Ирвин обнял ее – так, словно хотел никогда не размыкать рук. Бейлин и охранники бесшумно вышли в коридор, прикрыли за собой дверь.
– Я не хочу тебя подвергать даже малейшей опасности, – прошелестел голос, и Арьяна не сразу поняла, что это говорит Ирвин. Так все в нем звенело от боли, так она его истерзала за ночь. – Даже намеку на опасность.
– Я же твоя истинная, – напомнила ему Арьяна. – При мне ты не обратишься.
Ирвин усмехнулся.
– Не хочу это проверять. Я ни за кого так не боялся, как за тебя.

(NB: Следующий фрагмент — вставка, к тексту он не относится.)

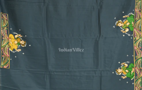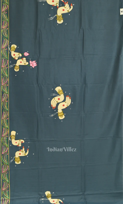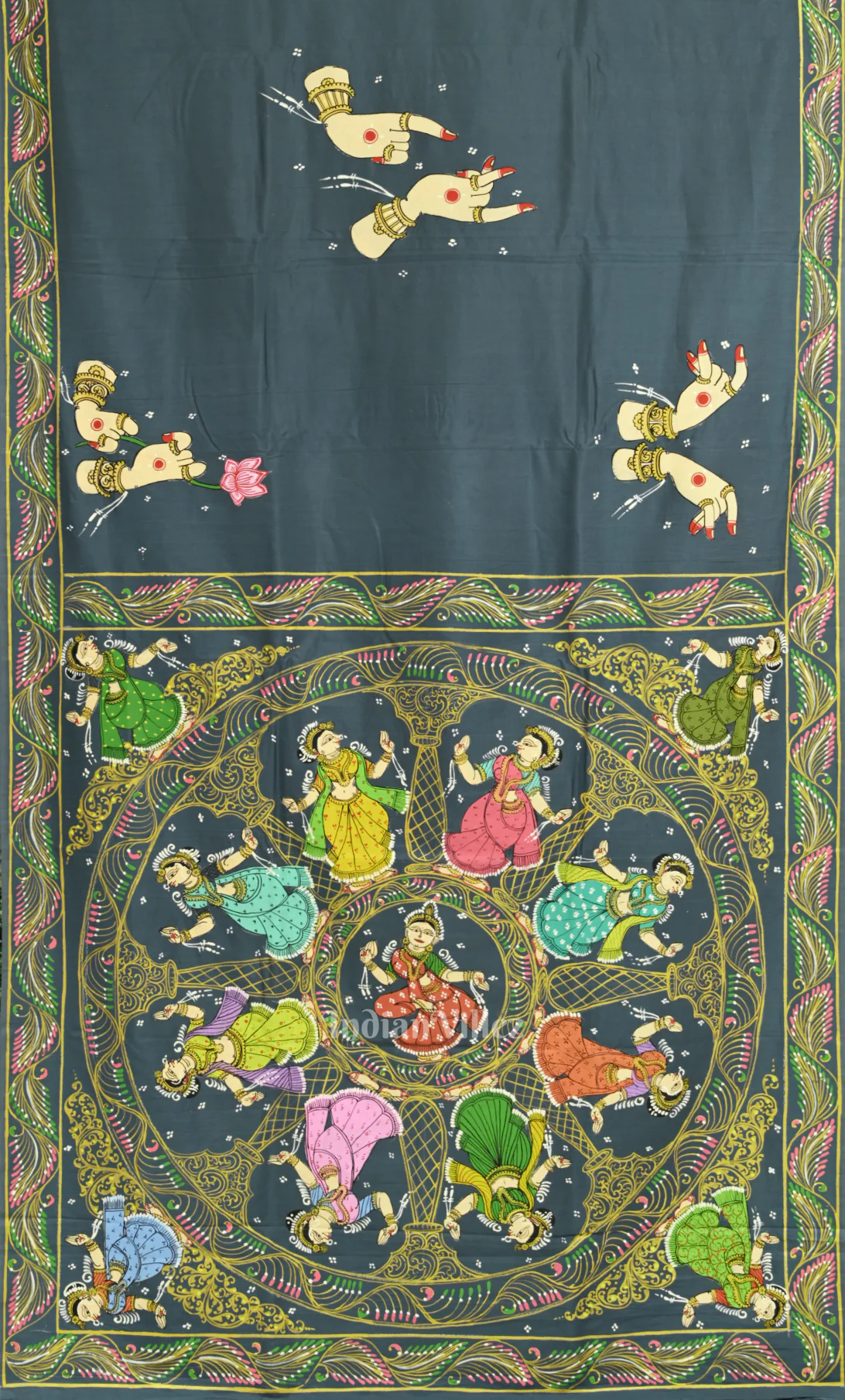 Grey Nartaki Mudra Hand-Painted Pattachitra Silk Saree-(Khadi Silk)

Еще несколько мгновений они молча сидели в обнимку – потом Ирвин отстранился, поднялся с кровати и, проковыляв к окну и глядя в сад, произнес:
– Нам нужно остановить нашего кукловода как можно быстрее. Пока он снова не ударил по моему брату.
Арьяна невольно обрадовалась – раз Ирвин мог думать о чем-то, кроме своего недуга, значит, дело не так плохо, как кажется. Значит, он держится и будет бороться и дальше.
И они победят.
– Как мы вообще узнаем, кто это? – спросила она. – Ваньяцци может назвать имя заказчика… но вряд ли заказчик такой дурак, что представился.
Ирвин согласно кивнул. Обернулся – черты его осунувшегося лица окаменели и заострились, он сейчас не был волком, но все равно выглядел хищником, жестоким и очень опасным.
– Конечно. Наверняка там была просто переписка и деньги с оружием в каком-нибудь потайном месте. Надо трясти Мейв. И Аделарда. Но кто нас с тобой к ним подпустит…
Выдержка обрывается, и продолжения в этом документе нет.